Holding title as Community Property with Right of Survivorship gives you the double step up in basis and the ease of transferring the asset that comes along with the right of survivorship!

Note: you don’t need the right of survivorship once you transfer your house to a Revocable Living Trust because a Revocable Living Trust avoids probate.

But what about putting property into a Revocable Living Trust?


You need to be careful when your attorney transfers your home to your Revocable Living Trust out of Joint Tenancy. A well drafted Revocable Living Trust should always preserve Separate Property as separate. Therefore, simply transferring the property into a trust does not transmute the property into Community Property. There is a good reason for this: If a piece of property is Separate Property (maybe one spouse inherited it, for example) the owner may not want to gift an interest in that property to their spouse.

So if the property is held in Joint Tenancy it will be considered two separate property interests under the tax law and, even after it is put into the Trust, there will not be a double step-up in basis. The solution, if the couple wants the double step-up and wants the property to be community property, is to first transfer the property to community property and then put it in the Revocable Living Trust. Expect to pay your attorney more to draft the additional deed, but think of the tax savings over the long term!

By the way: There are some common pitfalls to avoid in order to take advantage of the Double Step-Up



Owning your home with your children: If you intend to avoid probate and for your children to own your real property when you pass, your children should inherit your property and NOT own it in common with you while you are alive. When you give someone an interest in your property while you are alive you also give them your basis— there is no step-up. There are other important reasons not to put your children on the deed. The first thing I think is liability— what if your child ends up in a situation where he or she has an aggressive creditor and your house is used to pay the liability? Another one is also financial, what if you find yourself in a situation where you want to sell the property or do a reverse mortgage?

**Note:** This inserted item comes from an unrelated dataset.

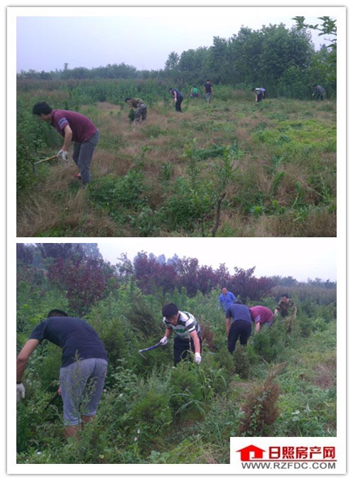 6月22日,以亲近大自然,放松身心,体验农间生活为目的,同时为了在公司内部弘扬热爱劳动、尊重劳动、崇尚劳动的良好风气,公司组织房产、物业全体员工共计100人来到牟家小庄项目部进行了为期一天的义务劳动,这次活动由公司领导班子亲自带队,分为8组,其中两个女员工小组给苹果树套膜,6个男员工小组进行松柏地除草工作。

Step-Down: The step-up can also be a “step-down” if values have dropped at the time of death – so you need to be aware of the market values of your assets and any adjustments you plan to make to the ownership/title of those assets.



As always, I must finish by saying that this is complicated stuff and you must have competent legal and tax advisors. Don’t try this at home by yourself! But, hopefully, this article has given you the language and the background to ask the right question of those competent advisors.